- What is required: Starting at the line that contains "Among those ages 25", reproduce every line through the end of the entries below, with no pictures in the copy.

____

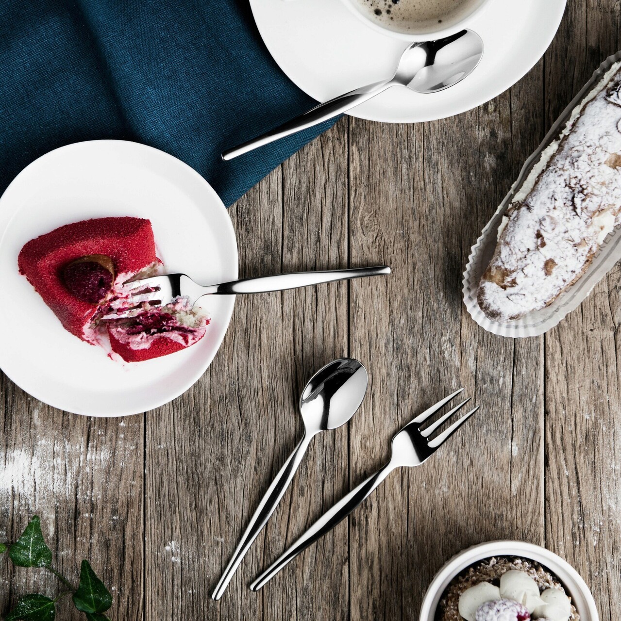 Fie ca planuiti o cina gourmet sau vreti doar sa adaugati un strop de delicatete meselor zilnice in familie, tacamurile Finesse sunt completarea perfecta a mesei. Tacamurile prezinta curbe fluide, usoare care creeaza o silueta eleganta. Marginea si gulerul fin al manerelor, combinate cu corpul usor rotunjit, se asigura ca tacamurile elegante sunt minunate in mana si vor fi o incantare la masa in orice moment.
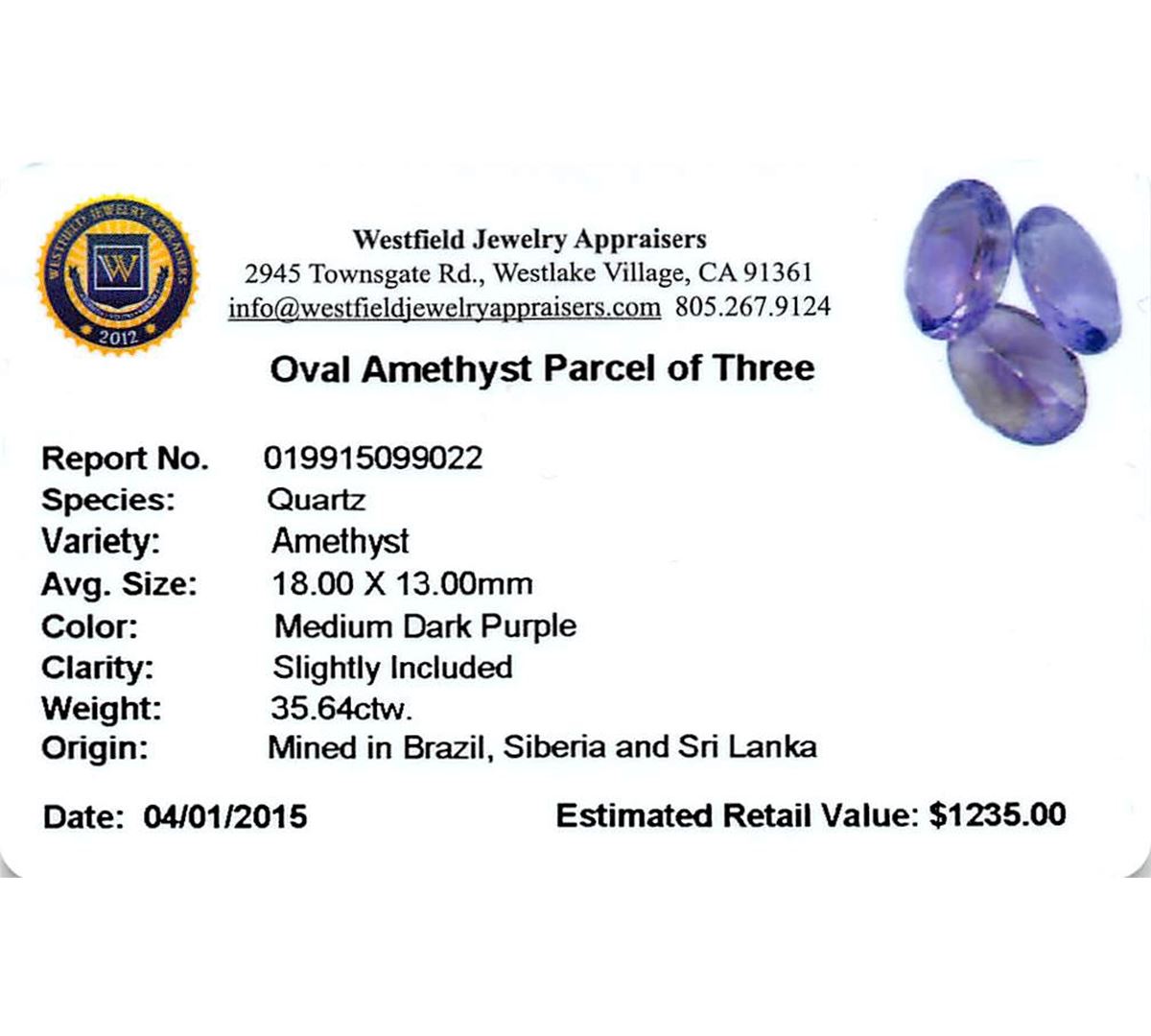Three oval mixed cut natural amethysts exact total weight 35.64ct., clarity is slightly included, type II, medium dark, very slightly grayish, purple color, (GIA P 6/3), cut is good. Westfield Appraised at $1,235.00.
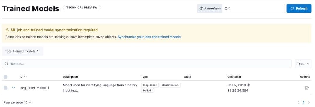 If you receive a message on the screen — ML job and trained model synchronization required — click on the link to synchronize models.
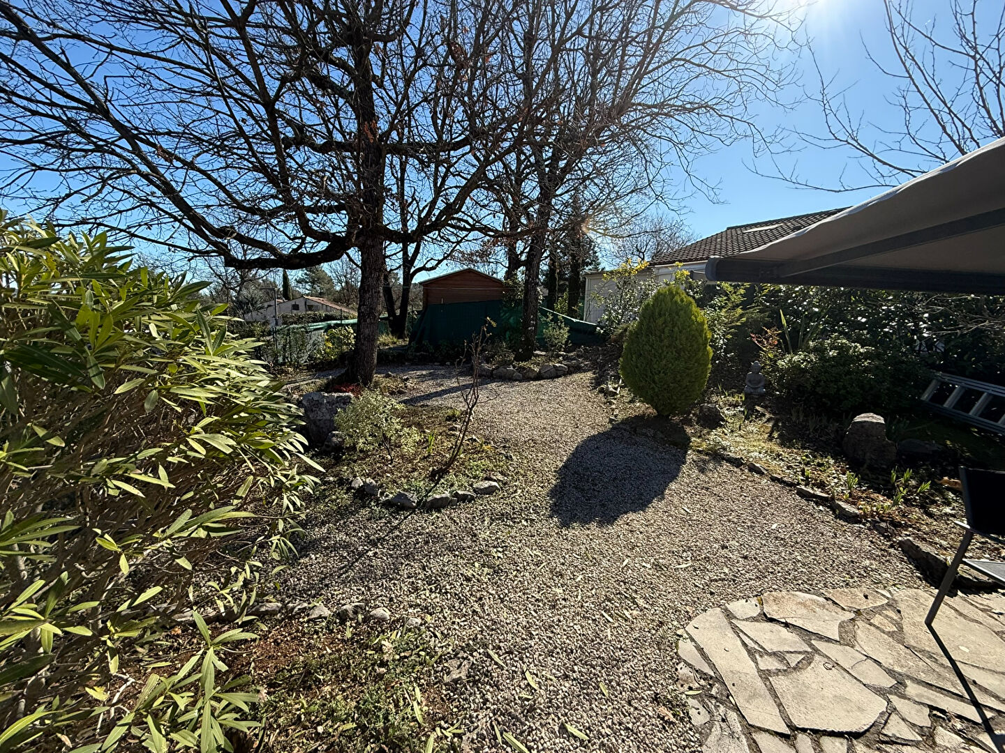 une terrasse avec un store électrique
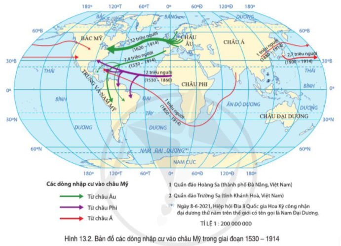 Đọc thông tin mục 2 (Hệ quả địa lí - lịch sử của việc phát kiến ra châu Mỹ) và quan sát hình 13.2.
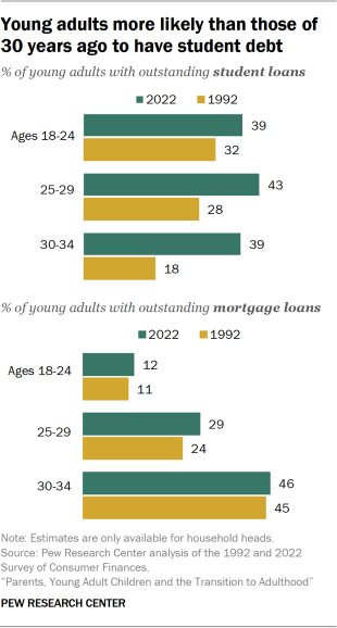 Among those ages 25 to 29, the share with student loans rose from 28% in 1992 to 43% in 2022, and the increase was even greater for 30- to 34-year-olds (from 18% to 39%). The change from 32% to 39% among those ages 18 to 24 is not statistically significant.
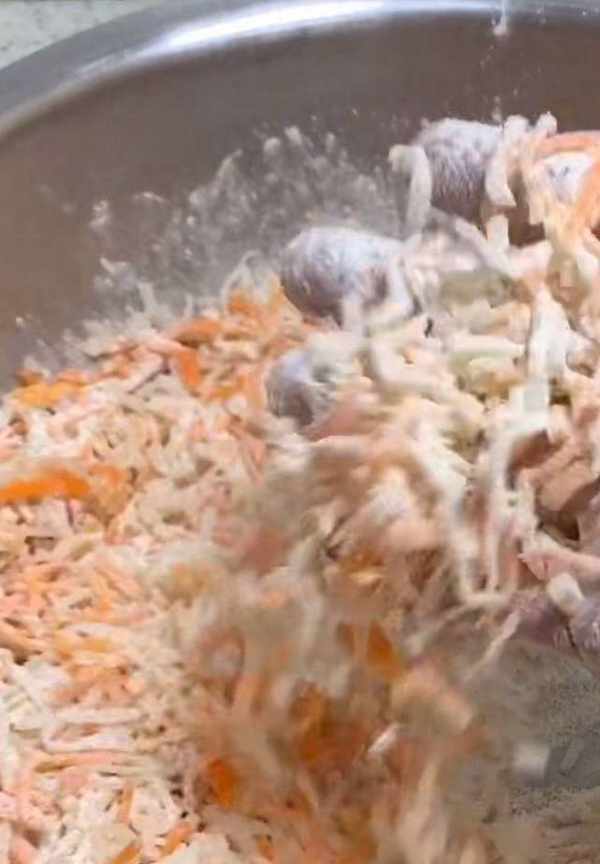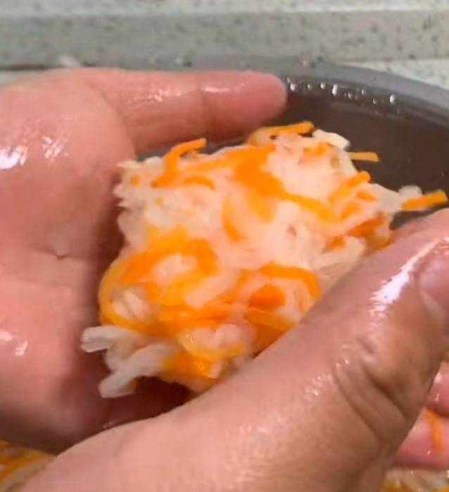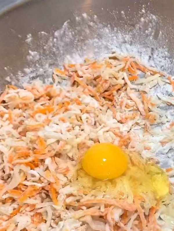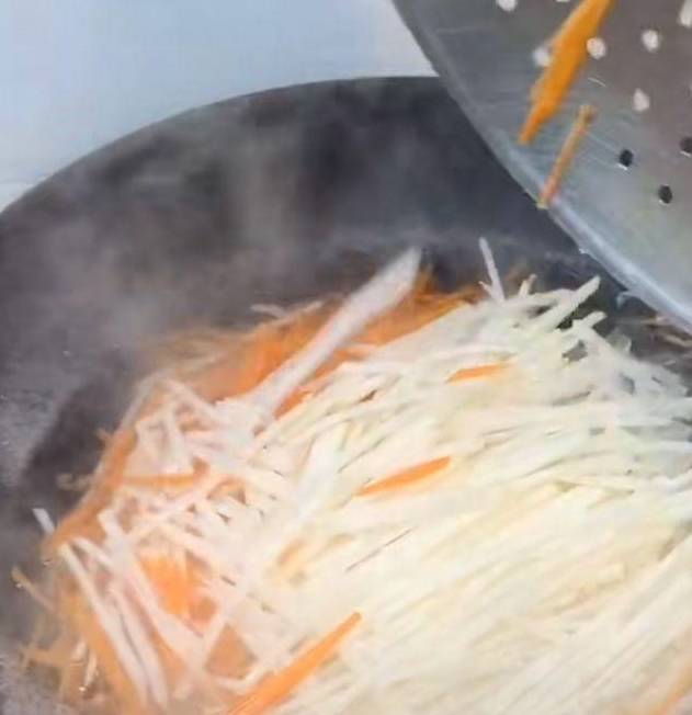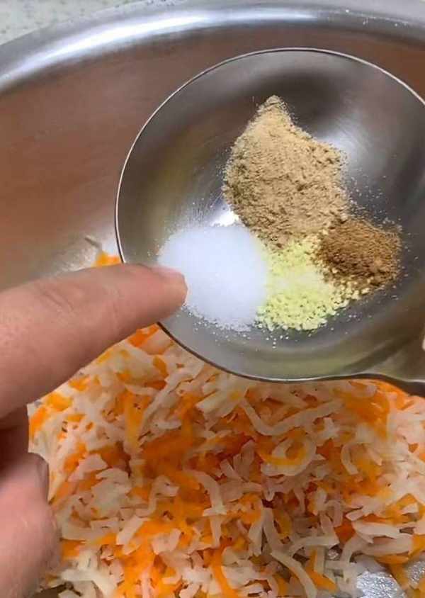 開鍋之後撈出白蘿卜和胡蘿卜用涼水投涼,投涼之後把蘿卜裡面的水份攥幹凈。攥越幹越好,如果你攥的不幹裡面水份比較多的話等一會你就得多放很多面,面放得多的話裡面炸完之後就粘粘糊糊的就不好吃瞭。

____

- Completed exercise:
 Among those ages 25 to 29, the share with student loans rose from 28% in 1992 to 43% in 2022, and the increase was even greater for 30- to 34-year-olds (from 18% to 39%). The change from 32% to 39% among those ages 18 to 24 is not statistically significant.
 開鍋之後撈出白蘿卜和胡蘿卜用涼水投涼,投涼之後把蘿卜裡面的水份攥幹凈。攥越幹越好,如果你攥的不幹裡面水份比較多的話等一會你就得多放很多面,面放得多的話裡面炸完之後就粘粘糊糊的就不好吃瞭。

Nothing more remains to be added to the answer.